Years ago, while following my handy-dandy, trusty GPS late one foggy night on a KY backroad, the path split. The GPS told me to go in one direction, but my “gut” said go the other. I followed my GPS. After winding through the narrow road, which seemed to get narrower and foggier as I drove, the directions from my GPS eventually led me to a metal gate at the entrance of a cow field. In newfound wisdom, I thought to myself, “This GPS is wrong.” Lesson learned: never assume your GPS is always right.
We have all found ourselves at the proverbial “fork in the road,” when a decision needs to be made but we have more than one option. How do we know the will of God when facing decisions in life?
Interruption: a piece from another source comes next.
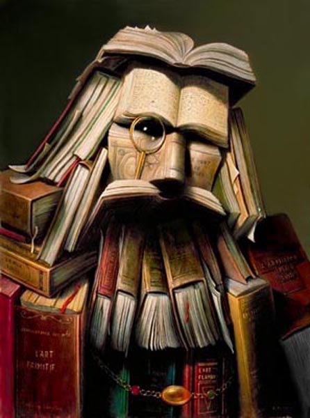 Durante sus primeros años experimentó con diferentes estilos, comenzando por los clásicos, el impresionismo , la abstracción, hasta alcanzar un punto de surrealismo con evidente influencia de Arcimboldo, componiendo entre otras cosas rostros con objetos o cuerpos. Lo conocí por sus personajes construídos a base de libros, pero hay mucho material suyo de gran calidad disperso en la red, por ejemplo aquí o aquí. Lo más parecido a su web personal (no sé si oficial, pero muy completa) es ésta.

Do we simply follow our GPS? Could it be that we flip a coin? Or maybe we just go with our “gut” feeling. There actually is a better option. Scripture is not silent about these “forks in the road.”
The wisdom of King Solomon offers us guidance when facing decisions in life. He urges, “Trust in the Lord with all your heart and do not lean on your own understanding. In all your ways acknowledge Him, and He will make your paths straight” (Proverbs 3:5-6, NASB). I am afraid that all too often we make the “will of God” out to be some mystery that He hides from us, only revealing it to us if we say or do the right things—that is, pick the correct fork in the road.
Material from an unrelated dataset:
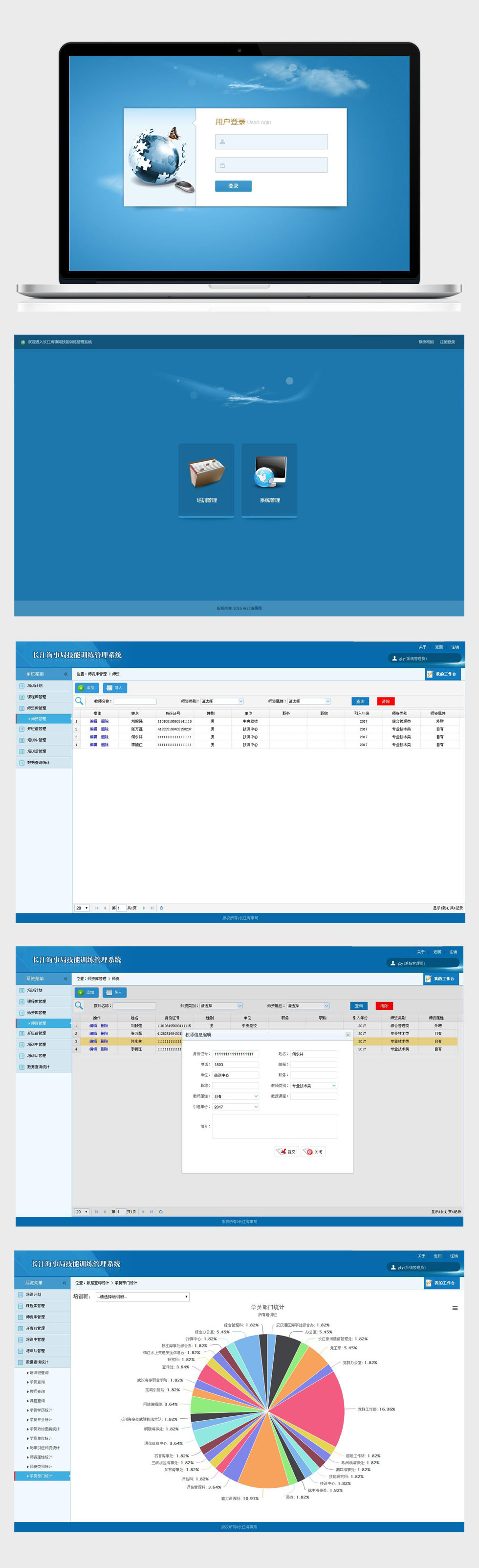 长江海事局技能训练管理系统,包含技能培训、课程管理、师资管理、学员管理、培训管理和数据统计等功能

To trust in the Lord with all our hearts and not lean on our own understanding and acknowledge Him in all our ways is another way of saying, “walk faithfully with God.” God’s promise for a straight path—a successful, agreeable, right path, is only after we are careful to trust in Him. God’s greatest concern in our lives is not whether we buy this car or that car, whether we move here or there, or take this job or that job. Rather, God’s greatest concern is that we fully rely on Him, that we live our lives in submission to Him.
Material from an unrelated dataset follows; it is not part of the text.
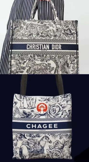去年五周年之際,霸王茶姬以云南茶馬古道為靈感,推出了全新包裝設計。只是這樣式多少有點眼熟。尤其是包袋款,從版式到插畫風格都與DIOR的經典包如出一轍。

God is after our lives, not simply the decisions we make with our lives. He wants us wholly devoted to Him, and in being so, He will make our paths straight. In other words, God is more concerned about the journey along the path than He is the particular choice on the path. Lesson learned: let’s not be as focused on the “fork in the road” as we are on His work in our lives along the road. It’s a journey along the path more than it is a “fork in the road.”